**PROBLEM TO WORK ON:**
Could you restate word for word each line from the top of the listing below through the line containing "ALES Çıkmış Sorular"? Keep the pictures out.

**DATA EXTRACT:**
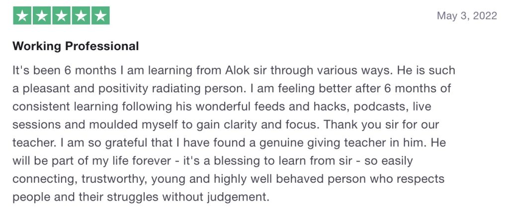 “Alok is a great mentor and coach. His concepts really helped me to come out of my mental struggles and challenges. Thanks for being my support system and helping me to become a better version of myself.”
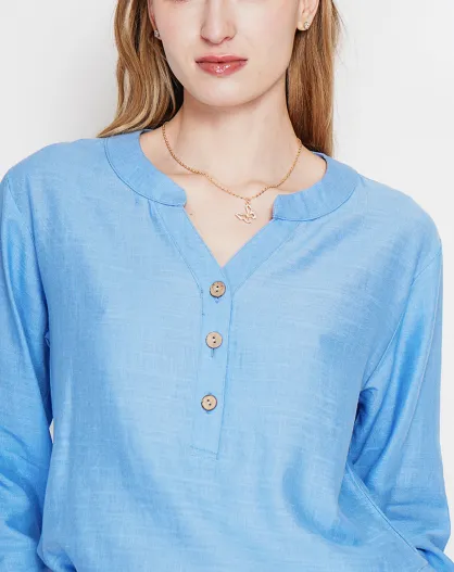 Tunique col tunisien en lin mélangé Paulette azur
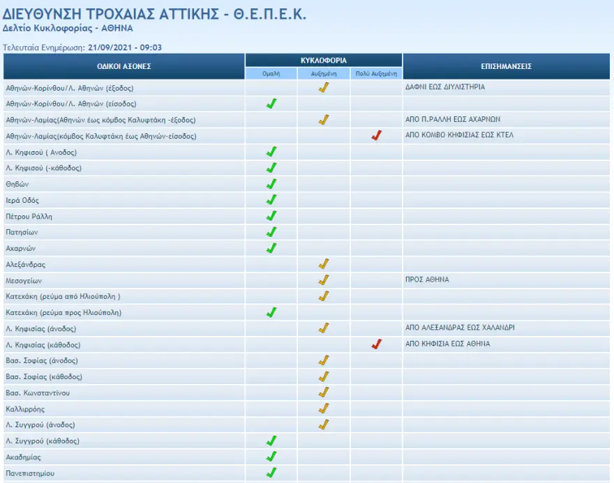 Δείτε το δελτίο κυκλοφορίας της Τροχαίας
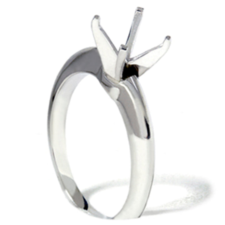 Made in solid 14k white gold, designed to fit round or princess cut stones up to 1 carat. Larger shapes and sizes available upon request.
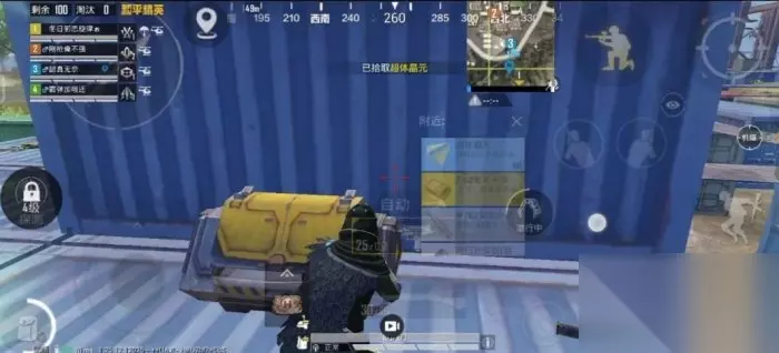 2、插件的解析: 接下来就是升级12级的过程中会慢慢解锁插件,也就是说玩家们升级到3级的时候会解锁一个蓝色的插件,然后再到6级的时候会在次解锁一个蓝色插件,到了最后9级就会在次解锁一个紫色插件的,一共只有三个插件的,每一种插件都会有这属于自己的效果的,玩家们可以寻找游戏中的金插,金插的话玩家可以随意替换,当然在这里建议玩家尽量的去替换蓝色的插件,因为金插>紫色插件>蓝色插件的,下面展示一些图片: 3、金插的显示图标: 这个就是所谓的金插,金插会在某些地方进行刷新出来的,这个东西个人感觉比较看运气的,当然打了这么多把的超体对抗,也知道金色插件常出现在那些像y城以及g港的上方房区和左边的房区,概率会比较大的,如果说玩家靠近金插有个20-30m左右就会有一个图标显示出来的,金插玩家拿完之后不能有多个金插,只能进行替换。
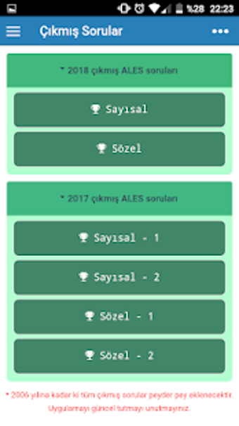 ALES Çıkmış Sorular werkt op Android 9.0 en hoger. De huidige versie van het programma is 0.8 en je kunt het alleen in het Turks uitvoeren.
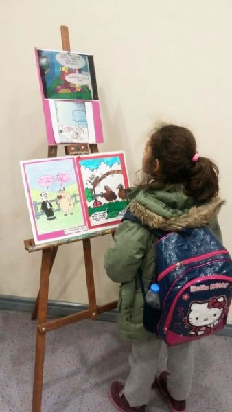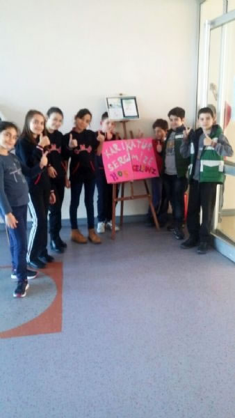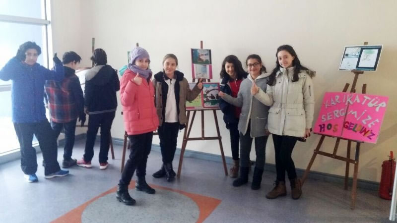 Türkçe dersinde öğrendiğimiz yazma, okuma, anlama ve düşüncelerimizi ifade etme yöntemlerini; söz sanatlarını, mecazları, deyimleri ya da atasözlerini kısacası tüm söz oyunlarını ve kelime haznelerini kullanmaya imkân veren eğlenceli bir alana, karikatür çizmeye aktarmaya çalıştık. Mizah ile çizimi buluşturmayı seven öğrencilerimiz farklı konularda karikatürler çizdiler ve bu karikatürlerimizi okulumuzun giriş katında sergiledik.
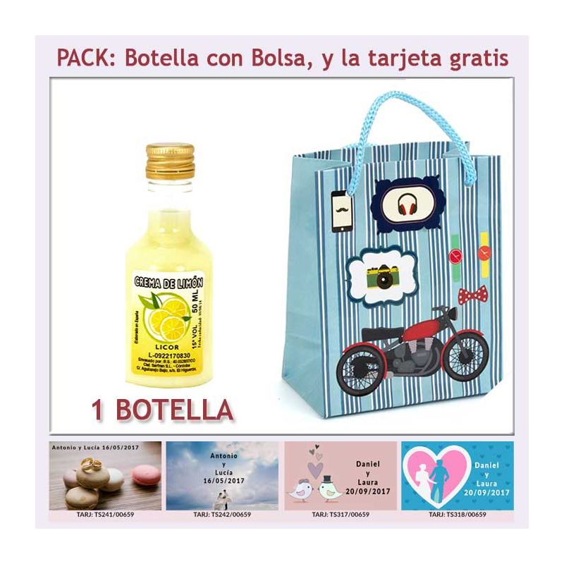 • Botellita de Licor de Finas Hierbas con bolsa “con moto roja” y tarjeta

**FINISHED TASK:**
 “Alok is a great mentor and coach. His concepts really helped me to come out of my mental struggles and challenges. Thanks for being my support system and helping me to become a better version of myself.”
 Tunique col tunisien en lin mélangé Paulette azur
 Δείτε το δελτίο κυκλοφορίας της Τροχαίας
 Made in solid 14k white gold, designed to fit round or princess cut stones up to 1 carat. Larger shapes and sizes available upon request.
 2、插件的解析: 接下来就是升级12级的过程中会慢慢解锁插件,也就是说玩家们升级到3级的时候会解锁一个蓝色的插件,然后再到6级的时候会在次解锁一个蓝色插件,到了最后9级就会在次解锁一个紫色插件的,一共只有三个插件的,每一种插件都会有这属于自己的效果的,玩家们可以寻找游戏中的金插,金插的话玩家可以随意替换,当然在这里建议玩家尽量的去替换蓝色的插件,因为金插>紫色插件>蓝色插件的,下面展示一些图片: 3、金插的显示图标: 这个就是所谓的金插,金插会在某些地方进行刷新出来的,这个东西个人感觉比较看运气的,当然打了这么多把的超体对抗,也知道金色插件常出现在那些像y城以及g港的上方房区和左边的房区,概率会比较大的,如果说玩家靠近金插有个20-30m左右就会有一个图标显示出来的,金插玩家拿完之后不能有多个金插,只能进行替换。
 ALES Çıkmış Sorular werkt op Android 9.0 en hoger. De huidige versie van het programma is 0.8 en je kunt het alleen in het Turks uitvoeren.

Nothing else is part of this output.